Recovery using archived data
Archived data is normally not used for production data hotfix or rollback application state. Instead, it is used to recover critical data such as data snapshots, market reports, or even legal matters like audits.
This progress is often executed manually. This means that the data is archived automatically each time it persists after an operational phase is completed. This period is determined depending on your application. It can be monthly, yearly, or each trading round in the trading application. However, once the recovery is required to execute, it should be run manually by the administrator.
This data recovery strategy mainly focuses on calculating instead of restoring. The calculated result usage depends on your use case. However, once it is used to recover the database directly, it must be ensured that it does not interfere with the normal operation of the application or alter any online information as when rolling back the system state using backup data. This process has another name that is called forward recovery.
This approach has some advantages:
- Can regenerate data even without having direct backups
- Provides data validation through reprocessing
- Often results in cleaner data since it goes through current business rules
- Can be useful for audit purposes
Implementing archive-based recovery strategy for trading application
Back to the first example that was used at the second part to raise the problem. Assume we have a high-frequency cryptocurrency trading platforms that produce 50,000 transactions per day, which accumulates to approximately 4.5 million transactions in a single trading cycle of three months. At an average size of 2KB per transaction, this translates to nearly 9GB of raw data every cycle.
To deal with this situation, we can design a simple archive and recovery strategy as following:
flowchart TD
subgraph "Production Environment"
A[Trading System] -->|Real-time Transactions| B[Data Lake]
B -->|Raw Records| C[PostgresQL]
end
subgraph "Archival Process"
C -->|3-month cycle| D[Dedicated Compute Environment]
D -->|Encrypted Archives| E[Archive Storage]
D -->|Metadata| F[Lightweight Database]
end
subgraph "Recovery Process"
G[Admin Request] -->|Search| F
F -->|Archive Location| E
E -->|Retrieve Archive| H[Dedicated Compute Environment]
H -->|Processed Data| I[Analysis Instance]
end
style A fill:#f9f,stroke:#333,stroke-width:2px
style E fill:#blue,stroke:#333,stroke-width:2px
style H fill:#green,stroke:#333,stroke-width:2px
Figure 3: diagram to visualize the workflow of a archive and recovery strategy implementation to resolve the problem with the data of high-frequency cryptocurrency trading platforms
Archiving Workflow:
- After each trading cycle (e.g., 3 months), transactional records are processed and moved to cloud-based storage.
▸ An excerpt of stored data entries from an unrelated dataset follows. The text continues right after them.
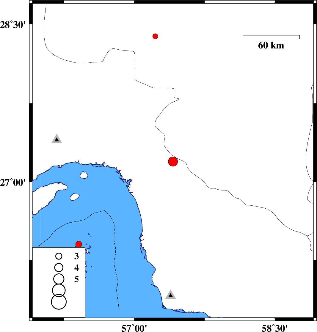 | 2018/01/23 | 04:33:20.4 | 08:03:20.4 | 26.402 | 56.405 | 6 | ML:3 | Persian Gulf, 63 km South-East of Qeshm | ||
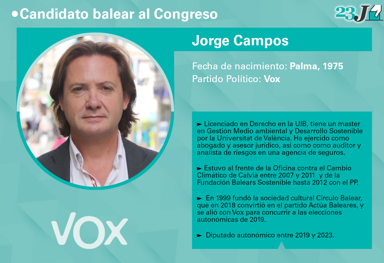 Jorge Campos estudió en el colegio La Salle de Palma, se graduó en Derecho en la UIB en 1998 y tiene un master en Gestión Medio ambiental y Desarrollo Sostenible por la Universitat de València. En su carrera laboral ha ejercido como abogado y asesor jurídico, así como como auditor y analista de riesgos en una agencia de seguros. Nunca llegó a ser militante del Partido Popular, pero el candidato de Vox siempre fue una persona muy próxima a Carlos Delgado, ex alcalde de Calvià y ex conseller de Turismo. Este lo colocó al frente de la Oficina contra el Cambio Climático de Calvià entre 2007 y 2011, luego lo nombró director de la Fundación Balears Sostenible en el Ejecutivo de José Ramón Bauzá. Campos abandonó la Fundación en mayo de 2012 por «discrepancias ideológicas» con el Govern, sobre todo en temas lingüísticos.
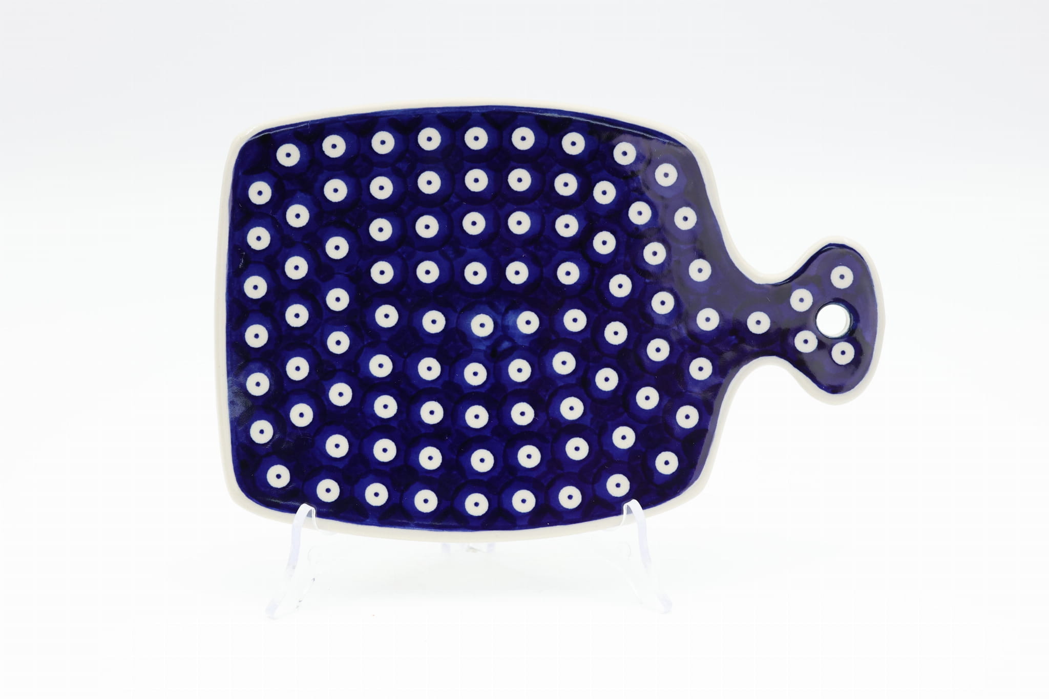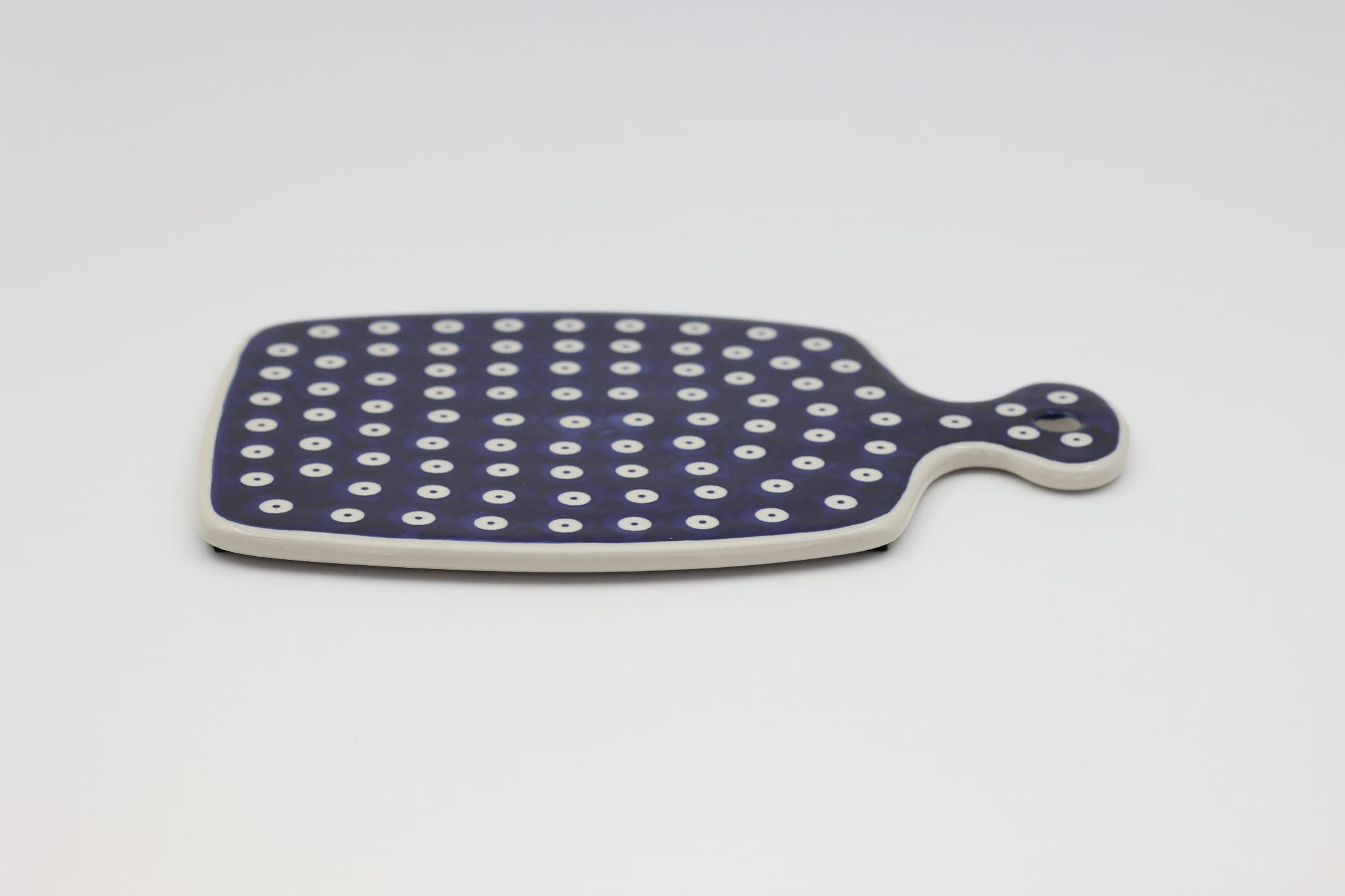 Rewelacyjnie prezentuje się jako dekoracja ściany, pozwalają na to śliczne wzory kwiatowe czy zdobiny tradycyjne, stempelkowe charakterystyczne dla ceramiki kamionkowej z Bolesławca. Wielkość deski pozwala do wykorzystania jej jako podkładkę pod gorące patelnie, garnki czy naczynia do zapiekania ceramiczne bądź klasyczne żaroodporne i metalowe, których każda gospodyni czy kucharz w swoich szafkach kuchennych posiadają tuziny.

These records are compressed and encrypted for security and cost optimization.
- Metadata for these archived transactions is maintained in a lightweight database for quick lookup.
Recovery Workflow:
- When data is required, administrators search the metadata for the relevant archive.
- The archived records are retrieved and reprocessed using a dedicated compute environment to generate the required reports or validate metrics.
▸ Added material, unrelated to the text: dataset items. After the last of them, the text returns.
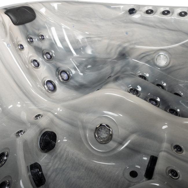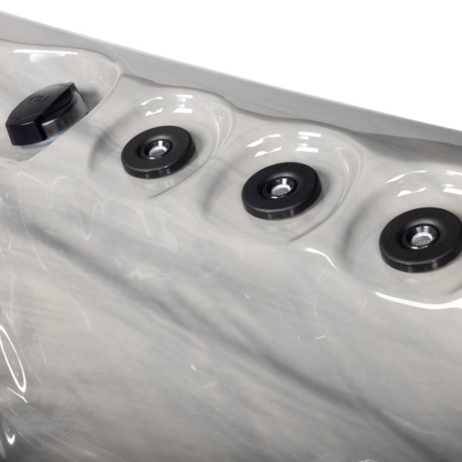 Let the 58 powerful illuminated jets massage and revitalize your body. The two 3hp pumps provide an unparalleled hydrotherapy experience, making every session a moment of pure relaxation. The atmospheric LED lighting, including corner, waterline and underwater lighting, creates a magical ambiance, perfect for evenings of rest and relaxation. The durable shell, made of high-quality Aristech Acrylic and reinforced with six layers, guarantees years of enjoyment.
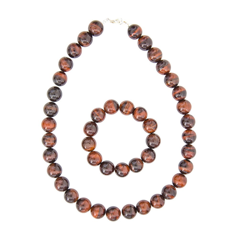 Cette superbe parure composée d’un bracelet et d’un collier ornés de pierres boules oeil de taureau sélectionnées avec soin saura vous émerveiller par ses couleurs chatoyantes au mélange subtil de rouge et de brun. Afin que la parure soit bien ajustée à votre physionomie et à votre style, ces bijoux sont déclinés en différents modèles que vous pouvez choisir en suivant les caractéristiques ci-dessous.
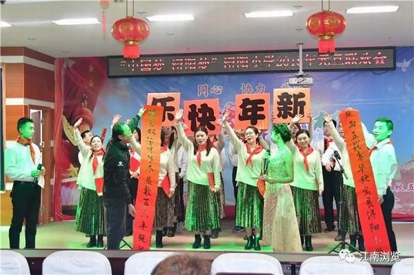 12月29日下午,潯陽(yáng)小學(xué)的日新樓熱鬧非凡,溫暖如春,到處跳躍著(zhù)喜悅的音符,這里正在舉行一場(chǎng)以“中國夢(mèng)潯陽(yáng)夢(mèng)”為主題的喜迎元旦聯(lián)歡會(huì )。
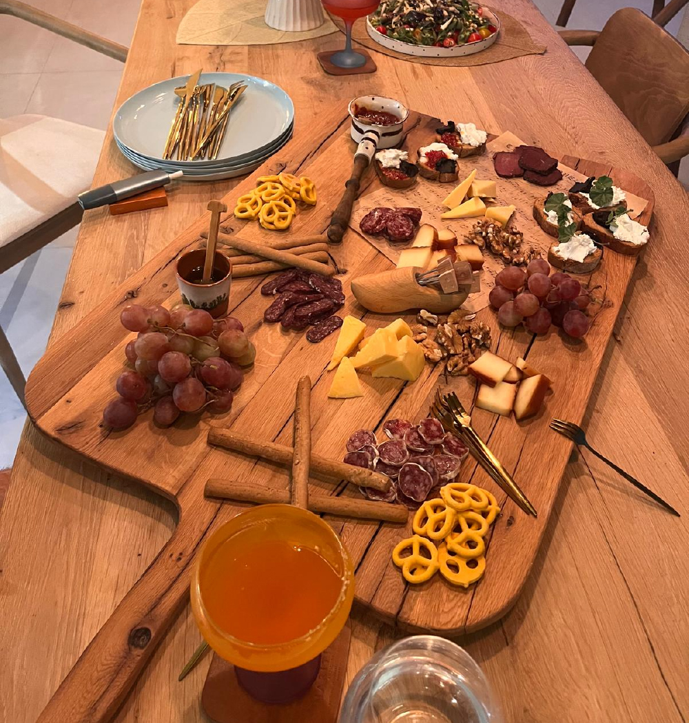 Büyük boy sunum tepsisi : silinmiş meşe ağacından ölçüleri sap hariç 50*72cm boyutlarında. Silinmiş yüzeyli sunumluk veya kesme tahtası olarak alt kısmında ayakları kayıtlar üzüerinde durduğu için kullanım kolaylığı sağlıyor.Gıdaya uygun doğal yağ ile koruması yapılmıştır.
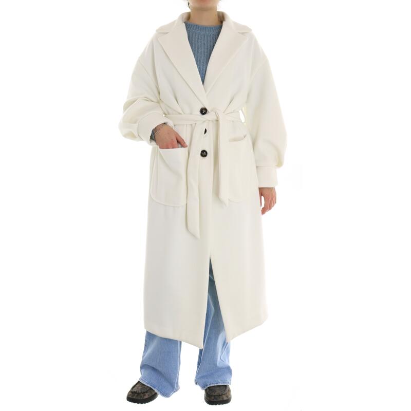 Cappotto lungo con manica a palloncino, rever largo, chiusura a tre bottoni con cintura tono su tono, tasche a toppa. Vestibilità regular.
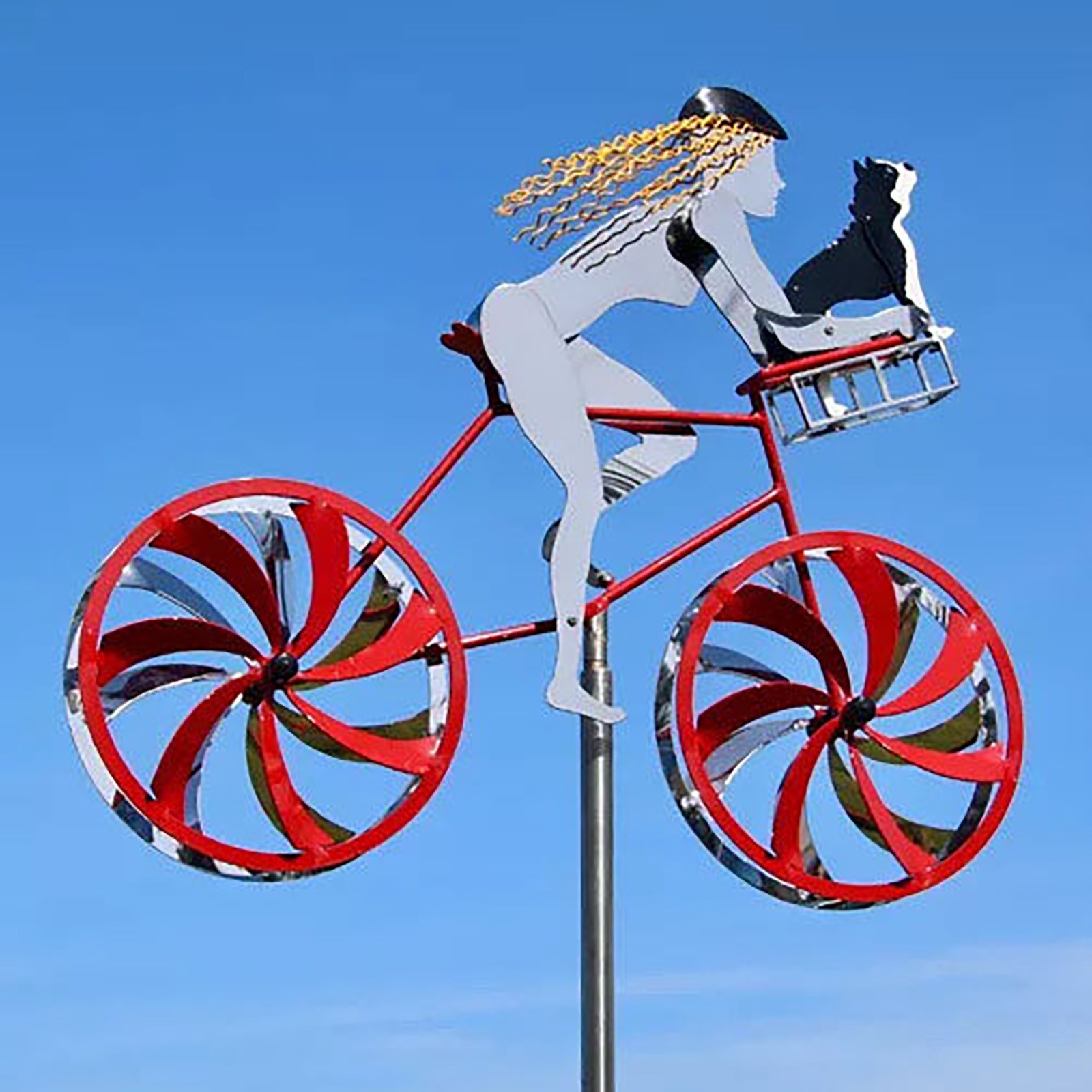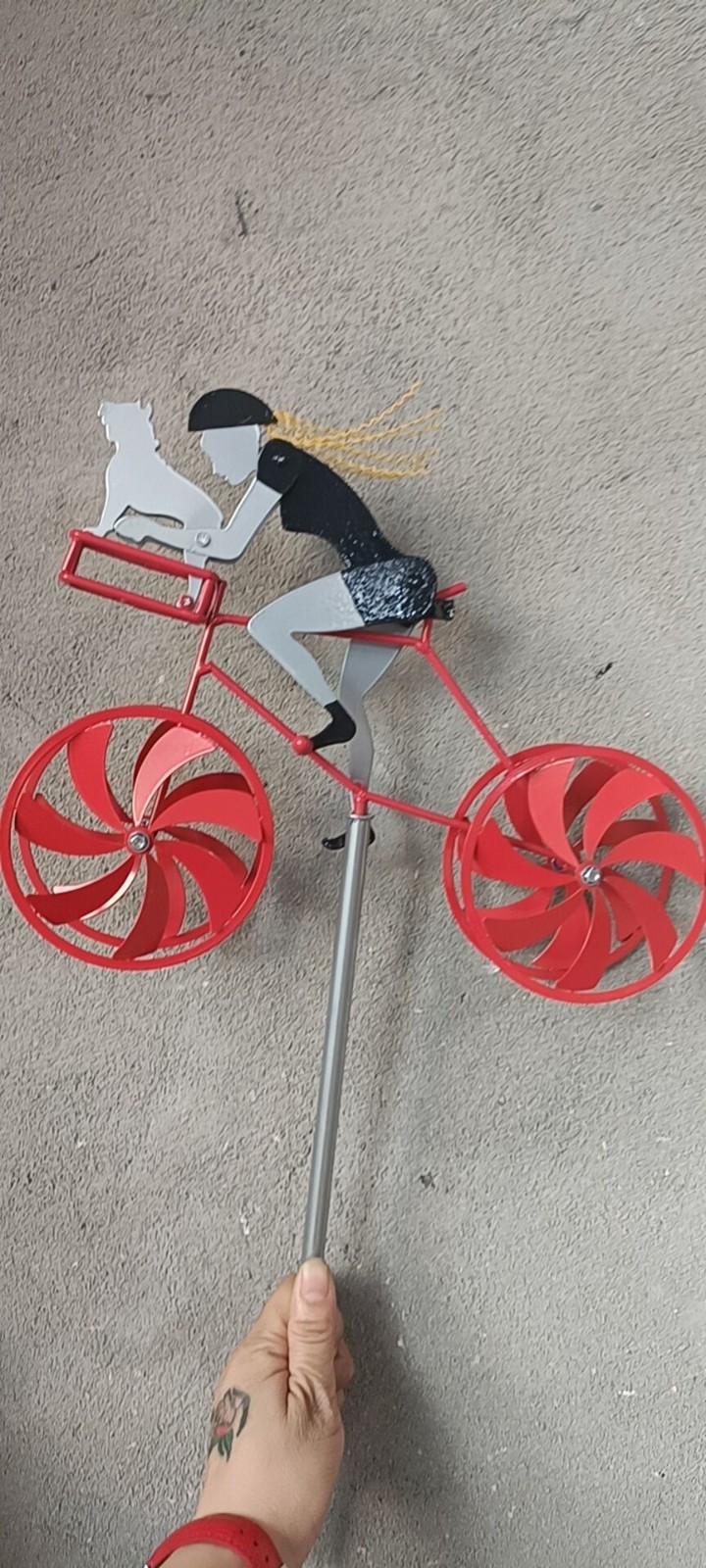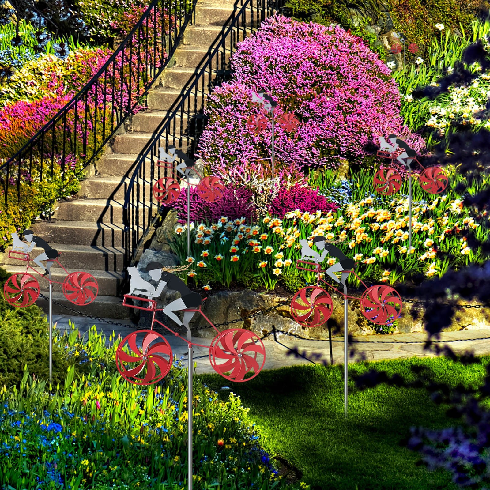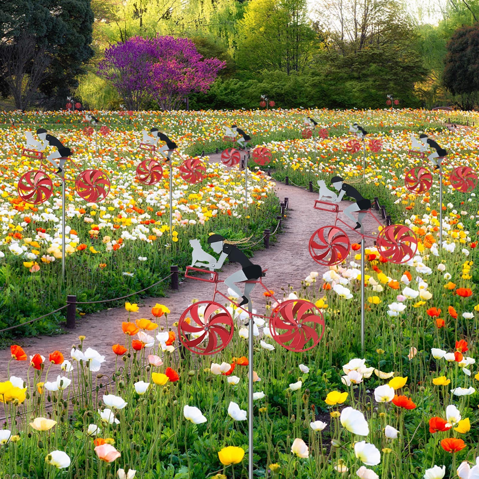 【NEW QUALITY】100% brand new quality, made of high quality metal, creative windmill, bicycle sculpture windmill beautiful decoration for garden courtyard, add movement, color and height to your landscape with this wind color metal, show amazing movement art.

- If needed, the processed data can be restored to a separate database instance for further analysis without affecting the production environment.
Conclusion
From this discussion, we have seen how archive and recovery strategy can address specific challenges such as efficiently handling large volumes of rarely accessed data. Implementing a robust archive and recovery system provides several benefits, including long-term data availability, cost-effective storage, and support for audits or legal requirements. This strategy is particularly valuable for industries like finance, healthcare, and e-commerce, where data integrity and accessibility are critical.
This knowledge is essential for system architects, database administrators, and developers who manage large-scale applications with growing data needs. Understanding and implementing this strategy equips teams to handle data growth effectively, ensuring their systems remain reliable, secure, and future-ready.